[Stored entries]
• • • • •
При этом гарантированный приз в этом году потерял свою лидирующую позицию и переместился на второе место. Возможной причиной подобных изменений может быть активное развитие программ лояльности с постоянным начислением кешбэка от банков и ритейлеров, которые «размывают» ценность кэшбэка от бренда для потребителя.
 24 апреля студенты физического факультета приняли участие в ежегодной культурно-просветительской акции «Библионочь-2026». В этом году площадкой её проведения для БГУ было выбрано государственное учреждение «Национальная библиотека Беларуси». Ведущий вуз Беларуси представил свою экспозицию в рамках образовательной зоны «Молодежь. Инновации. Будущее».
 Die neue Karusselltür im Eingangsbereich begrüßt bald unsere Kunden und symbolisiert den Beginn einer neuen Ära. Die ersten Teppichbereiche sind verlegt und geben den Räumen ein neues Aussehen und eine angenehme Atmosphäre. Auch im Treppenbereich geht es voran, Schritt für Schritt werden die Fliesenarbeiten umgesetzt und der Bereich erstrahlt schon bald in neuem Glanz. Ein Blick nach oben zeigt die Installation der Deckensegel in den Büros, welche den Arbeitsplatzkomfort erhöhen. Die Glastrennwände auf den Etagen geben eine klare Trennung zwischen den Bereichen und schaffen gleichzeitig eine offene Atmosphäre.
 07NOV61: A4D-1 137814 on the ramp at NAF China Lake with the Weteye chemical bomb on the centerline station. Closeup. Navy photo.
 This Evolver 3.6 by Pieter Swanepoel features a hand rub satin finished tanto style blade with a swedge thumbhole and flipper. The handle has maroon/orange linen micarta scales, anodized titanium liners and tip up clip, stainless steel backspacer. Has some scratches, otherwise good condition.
• • • • •
### TASK
When copying the data above, please keep exactly the lines from its first line through the line with "24 апреля студенты", both ends included, and drop the rest.

### WRITTEN RESPONSE
При этом гарантированный приз в этом году потерял свою лидирующую позицию и переместился на второе место. Возможной причиной подобных изменений может быть активное развитие программ лояльности с постоянным начислением кешбэка от банков и ритейлеров, которые «размывают» ценность кэшбэка от бренда для потребителя.
 24 апреля студенты физического факультета приняли участие в ежегодной культурно-просветительской акции «Библионочь-2026». В этом году площадкой её проведения для БГУ было выбрано государственное учреждение «Национальная библиотека Беларуси». Ведущий вуз Беларуси представил свою экспозицию в рамках образовательной зоны «Молодежь. Инновации. Будущее».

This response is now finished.